* Activity
Without including any images, repeat the listing below exactly.

* Stored data
——
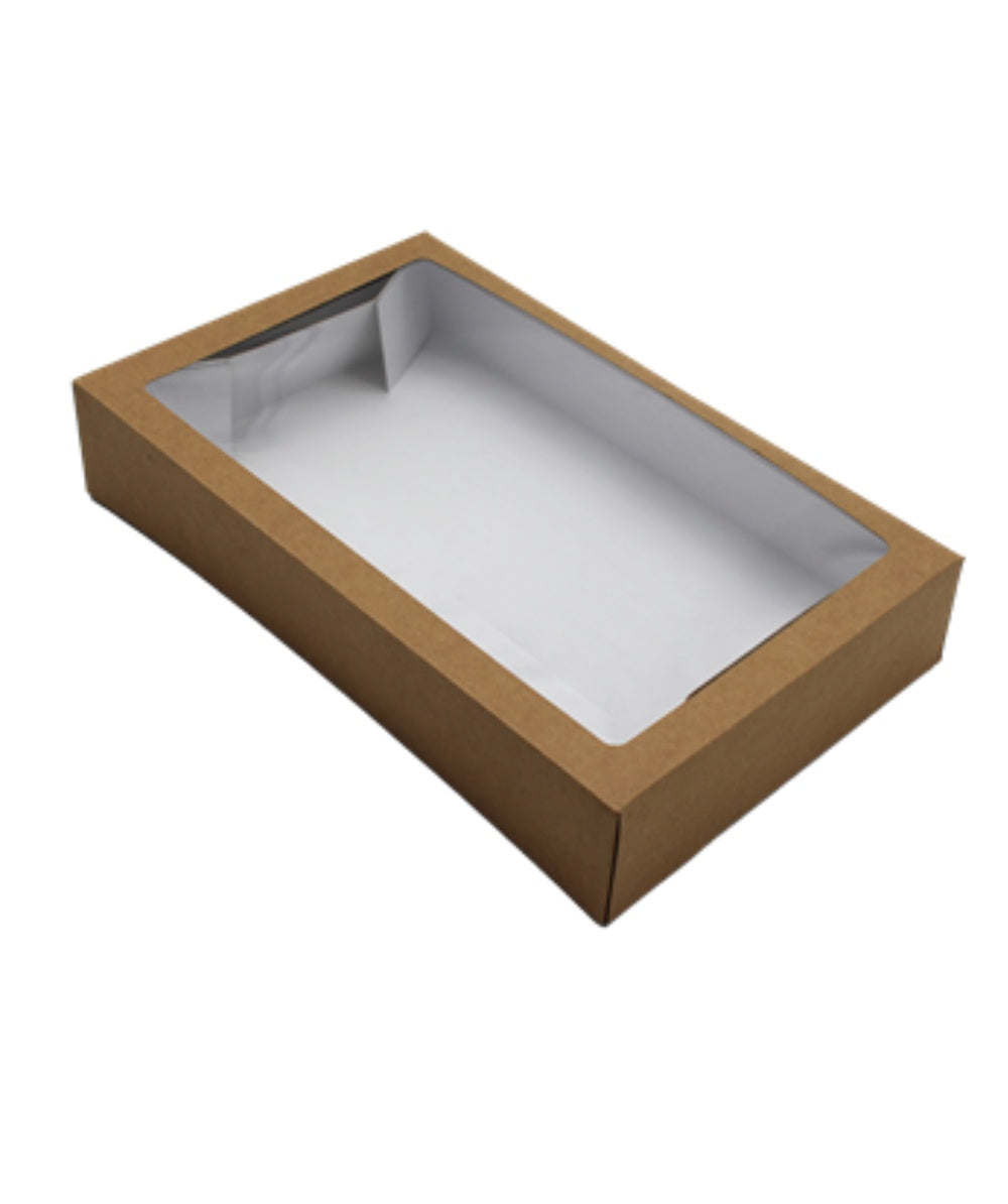 Showcase your tray bake cakes in style with our premium kraft boxes featuring a clear acetate window for perfect product visibility. These eco-friendly boxes are designed to highlight your baked creations while keeping them fresh and protected, making them ideal for bakeries, cafes, and home bakers selling their goods.
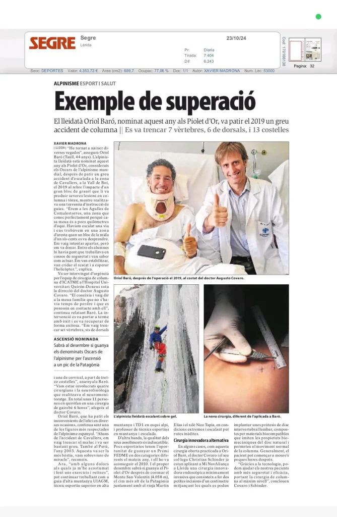 En octubre de 2019, el alpinista leridano Oriol Baró sufrió un grave accidente en las Agullas de Comalestorres (Vall de Boí) al recibir el impacto de un bloque de granito que le fracturó siete vértebras (seis dorsales y una cervical) y trece costillas. Tras estabilizarle en el lugar del rescate, fue trasladado de urgencia al ICATME–Hospital Universitari Quirón Dexeus, donde el Dr. Augusto Covaro y un equipo multidisciplinar llevaron a cabo la intervención inicial, combinando cirugía de columna abierta con neuromonitorización intraoperatoria.
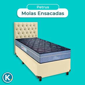 Cama + Box Bege e Colchão Molas Ensacadas Solteiro - Petrus Paropas + Cabeceira
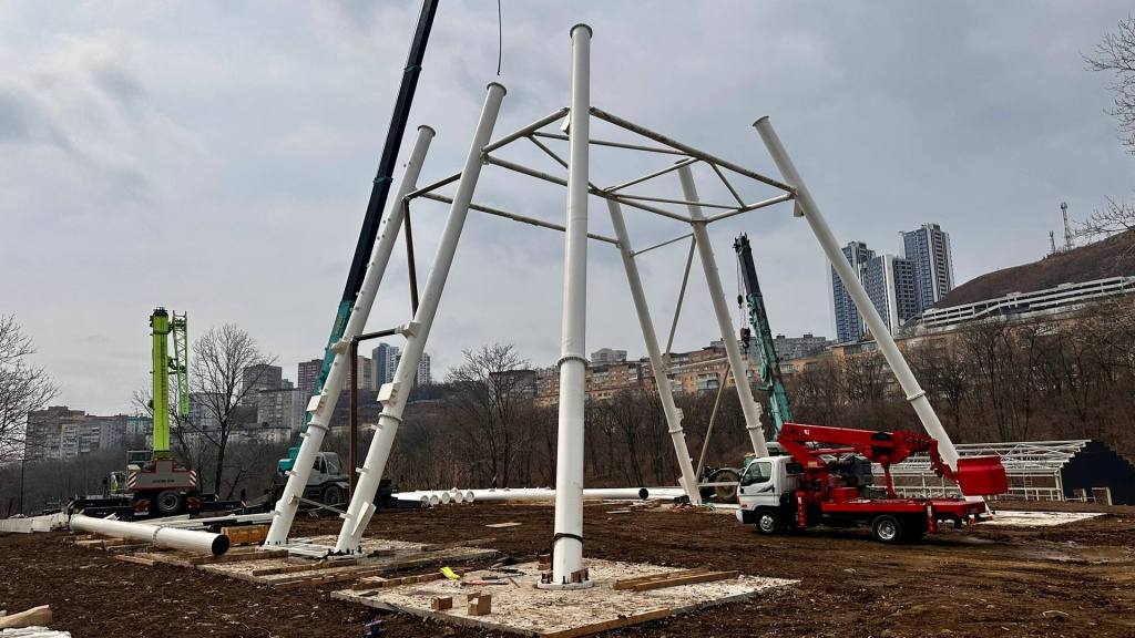 В парке «Минный городок» начали собирать самое высокое колесо обозрения в Приморье.
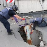 Нині до проведення цієї операції залучили спеціальний аварійно-рятувальний автомобіль, автонавантажувач, піротехнічний автомобіль, важкий автокран та близько десяти саперів та рятувальників.
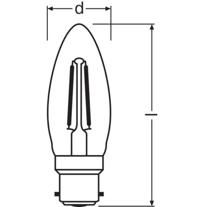 Ledvance Classic Performance LED Bulb B22d Candle Filament Clear 2.5W 250lm - 827 Extra Warm White | Replaces 25W
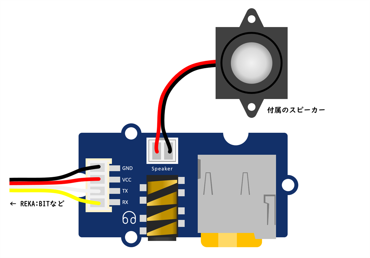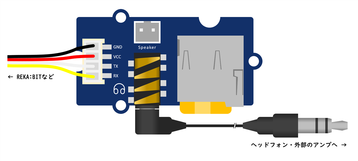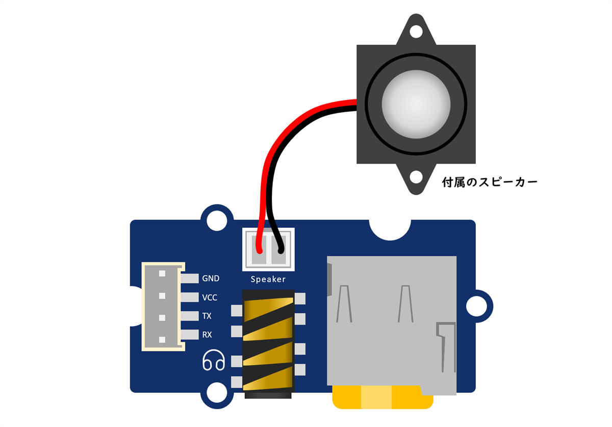 用途に合わせて、付属のスピーカー(モノラル)・ヘッドフォン・外部のアンプなどを接続します。付属のスピーカー(モノラル)は、スピーカー端子(JST PH/2P)に接続します。
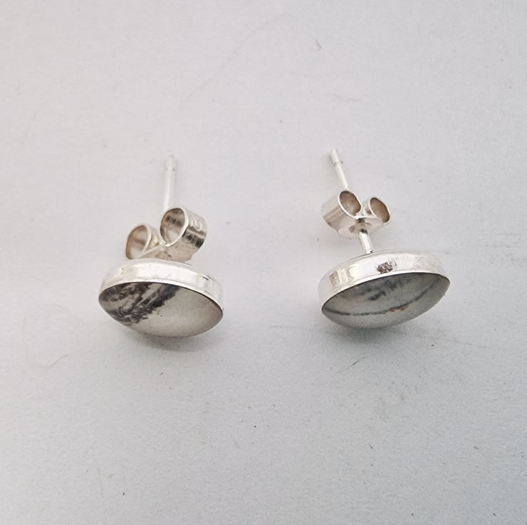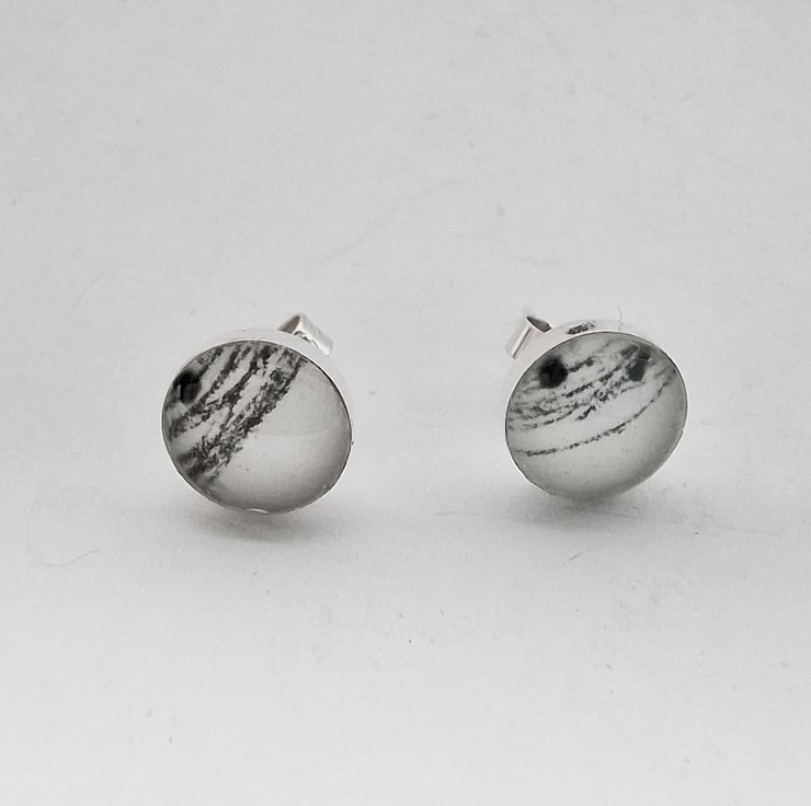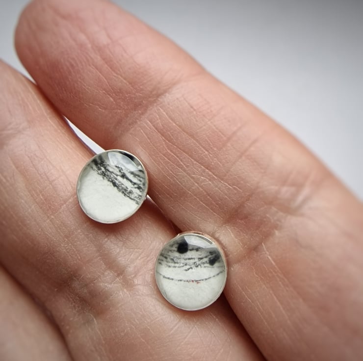 A beautiful pair of sterling silver stud earrings with resin encasing an original drawing.
——
* Answer to this problem
 Showcase your tray bake cakes in style with our premium kraft boxes featuring a clear acetate window for perfect product visibility. These eco-friendly boxes are designed to highlight your baked creations while keeping them fresh and protected, making them ideal for bakeries, cafes, and home bakers selling their goods.
 En octubre de 2019, el alpinista leridano Oriol Baró sufrió un grave accidente en las Agullas de Comalestorres (Vall de Boí) al recibir el impacto de un bloque de granito que le fracturó siete vértebras (seis dorsales y una cervical) y trece costillas. Tras estabilizarle en el lugar del rescate, fue trasladado de urgencia al ICATME–Hospital Universitari Quirón Dexeus, donde el Dr. Augusto Covaro y un equipo multidisciplinar llevaron a cabo la intervención inicial, combinando cirugía de columna abierta con neuromonitorización intraoperatoria.
 Cama + Box Bege e Colchão Molas Ensacadas Solteiro - Petrus Paropas + Cabeceira
 В парке «Минный городок» начали собирать самое высокое колесо обозрения в Приморье.
 Нині до проведення цієї операції залучили спеціальний аварійно-рятувальний автомобіль, автонавантажувач, піротехнічний автомобіль, важкий автокран та близько десяти саперів та рятувальників.
 Ledvance Classic Performance LED Bulb B22d Candle Filament Clear 2.5W 250lm - 827 Extra Warm White | Replaces 25W
 用途に合わせて、付属のスピーカー(モノラル)・ヘッドフォン・外部のアンプなどを接続します。付属のスピーカー(モノラル)は、スピーカー端子(JST PH/2P)に接続します。
 A beautiful pair of sterling silver stud earrings with resin encasing an original drawing.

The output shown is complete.